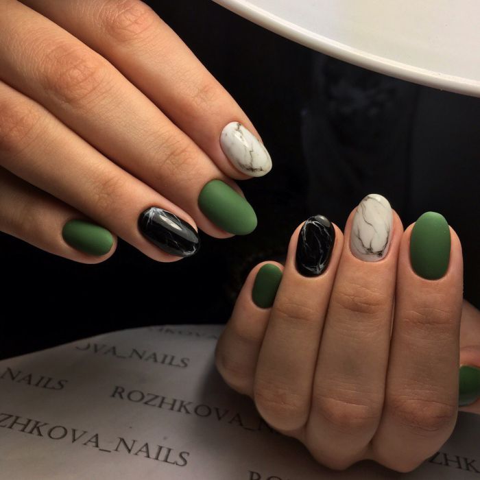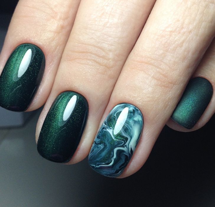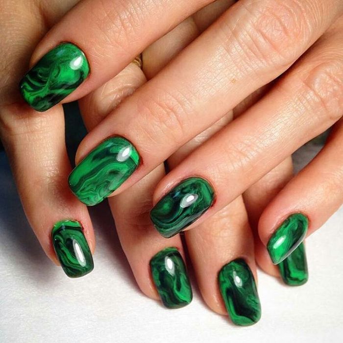 Не втрачає свою актуальність і мармуровий дизайн. Багато хто звик до того, що найчастіше він виконаний у сірому, синьому або рожевому відтінку. Безумовно, вони виглядають дуже красиво. Але не менш привабливими можуть бути і більш сміливі варіанти. Наприклад, зелений мармуровий дизайн – прекрасне рішення для вечірнього виходу або ж урочистого заходу. Втім, якщо використовувати світлі або приглушені відтінки, то такий манікюр підійде і для повсякденного життя.
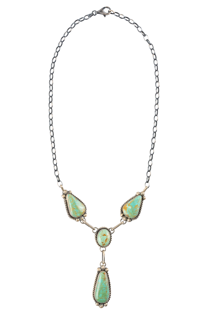 • This hand-crafted Native American necklace is a masterpiece of traditional styling and amazing natural materials. The Cerrillos turquoise pieces are perfect with the silver bezel settings and chain. This type of turquoise is highly prized for its green and blue hues set against a matrix, and was made in the USA with care. The four large turquoise pieces are each unique, and the necklace is a one-of-a-kind way to make a statement about your style.
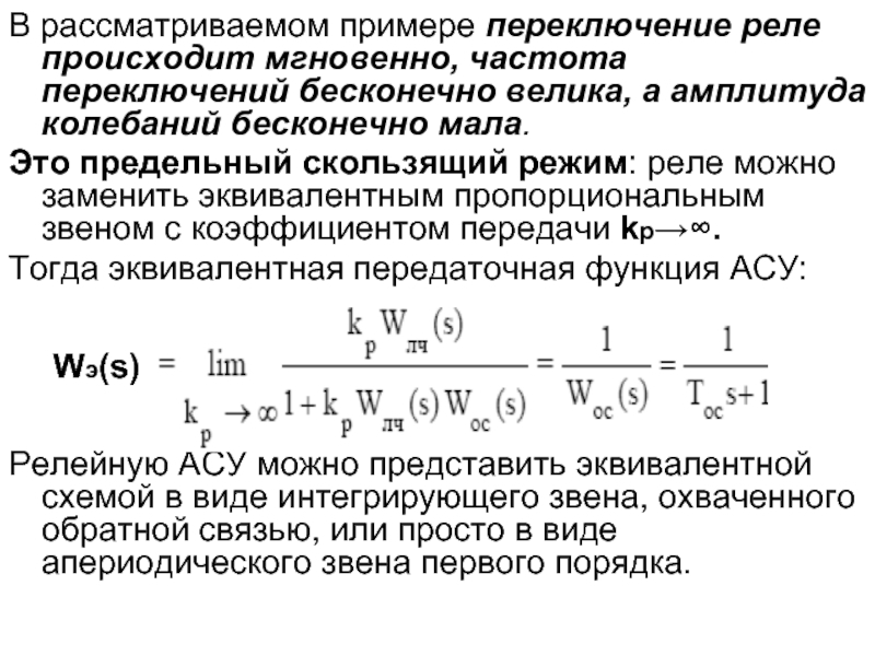 Это предельный скользящий режим: реле можно заменить эквивалентным пропорциональным звеном с коэффициентом передачи kp→∞.

═══

How to complete this task.
Please restate the whole listing exactly, without any of its pictures.

Exercise result.
 Не втрачає свою актуальність і мармуровий дизайн. Багато хто звик до того, що найчастіше він виконаний у сірому, синьому або рожевому відтінку. Безумовно, вони виглядають дуже красиво. Але не менш привабливими можуть бути і більш сміливі варіанти. Наприклад, зелений мармуровий дизайн – прекрасне рішення для вечірнього виходу або ж урочистого заходу. Втім, якщо використовувати світлі або приглушені відтінки, то такий манікюр підійде і для повсякденного життя.
 • This hand-crafted Native American necklace is a masterpiece of traditional styling and amazing natural materials. The Cerrillos turquoise pieces are perfect with the silver bezel settings and chain. This type of turquoise is highly prized for its green and blue hues set against a matrix, and was made in the USA with care. The four large turquoise pieces are each unique, and the necklace is a one-of-a-kind way to make a statement about your style.
 Это предельный скользящий режим: реле можно заменить эквивалентным пропорциональным звеном с коэффициентом передачи kp→∞.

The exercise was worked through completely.